Aim of the task: With the exception of the pictures, write out the data below precisely.

Top of Supplied information

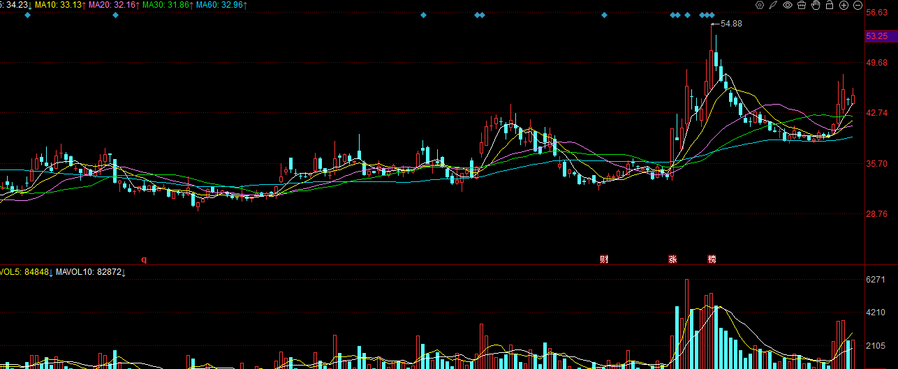 荣盛发展002146:低空经济近期有着明显的异动,荣盛发展子公司美亚航空与海南航天城低空产业发展有限公司签署合作备忘录,在新增了低空经济概念之后,荣盛发展周三也是强势涨停,下方多条均线也是拐头向上,短期来看有要开始走加速的迹象,现在还是在圆弧底的上升通道之中,周四如果能够小幅的高开有接力中阳线还是可以期待的。
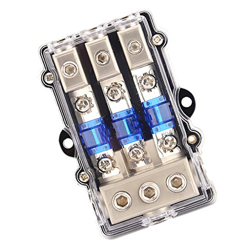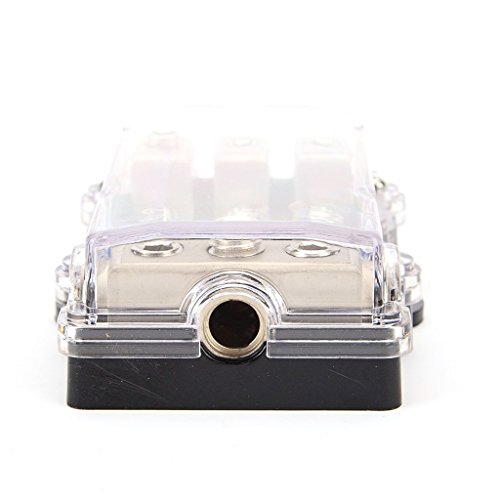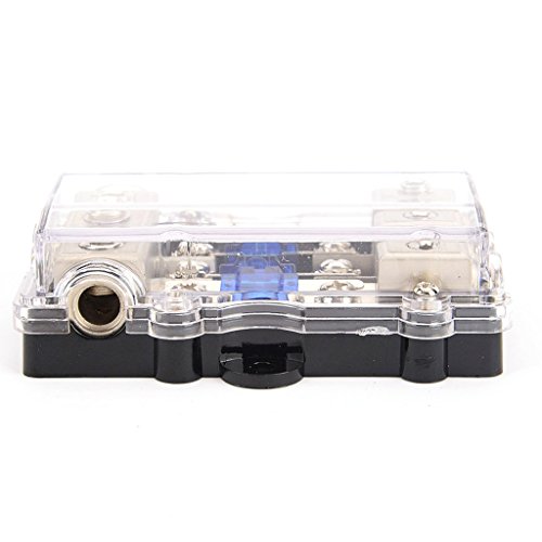 Description: - For protecting your car's audio system. - Cuts off the power automatically when the current is over rated. - Can be used for car auto audio amplifier or other electrical equipment. - Suitable for car, boat or other vehicles use. - Dustproof and waterproof. Specification: - Type: 1 in, 3 out - Gauge:In - 0/4 AWG - Out - 4/8 AWG - with 4/8 AWG wire adapter - Material: ABS Plastic Zinc Alloy - Voltage: 12V-24V - Current Capability: 60A - Using a new buckle design for easy open and close. Package Includes: 1 Piece Fuse Holder 0 |
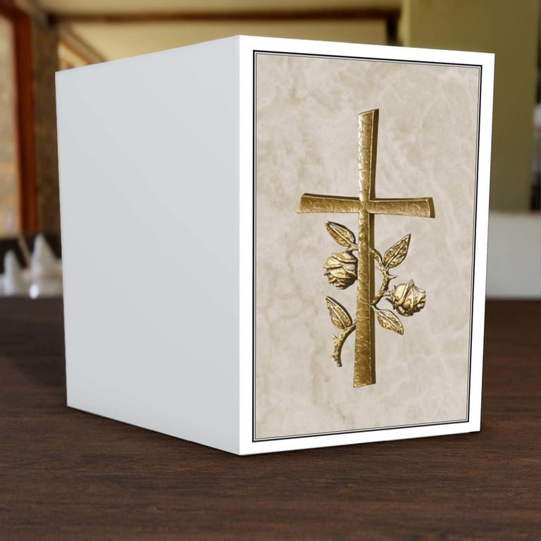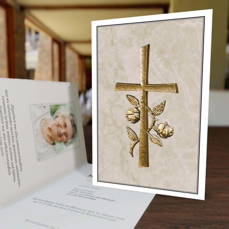 Die Trauerkarte „Messingkreuz“ ist ein klassisches und christliches Trauermotiv, das vor allem die tiefe Trauer der Angehörigen zum Ausdruck bringt. Eine Rose mit Dornen steht für Liebe, aber auch für Schmerz und Leid. In Verbindung mit dem Kreuz kündigt es den schmerzhaften Verlust eines geliebten Menschen an. Dass beide Elemente in dem besonders widerstandsfähigen Material „Messing“ dargestellt werden, symbolisiert die ewige Erinnerung an den Verstorbenen.

Bottom of Supplied information

Solution below:
 荣盛发展002146:低空经济近期有着明显的异动,荣盛发展子公司美亚航空与海南航天城低空产业发展有限公司签署合作备忘录,在新增了低空经济概念之后,荣盛发展周三也是强势涨停,下方多条均线也是拐头向上,短期来看有要开始走加速的迹象,现在还是在圆弧底的上升通道之中,周四如果能够小幅的高开有接力中阳线还是可以期待的。
 Description: - For protecting your car's audio system. - Cuts off the power automatically when the current is over rated. - Can be used for car auto audio amplifier or other electrical equipment. - Suitable for car, boat or other vehicles use. - Dustproof and waterproof. Specification: - Type: 1 in, 3 out - Gauge:In - 0/4 AWG - Out - 4/8 AWG - with 4/8 AWG wire adapter - Material: ABS Plastic Zinc Alloy - Voltage: 12V-24V - Current Capability: 60A - Using a new buckle design for easy open and close. Package Includes: 1 Piece Fuse Holder 0 |
 Die Trauerkarte „Messingkreuz“ ist ein klassisches und christliches Trauermotiv, das vor allem die tiefe Trauer der Angehörigen zum Ausdruck bringt. Eine Rose mit Dornen steht für Liebe, aber auch für Schmerz und Leid. In Verbindung mit dem Kreuz kündigt es den schmerzhaften Verlust eines geliebten Menschen an. Dass beide Elemente in dem besonders widerstandsfähigen Material „Messing“ dargestellt werden, symbolisiert die ewige Erinnerung an den Verstorbenen.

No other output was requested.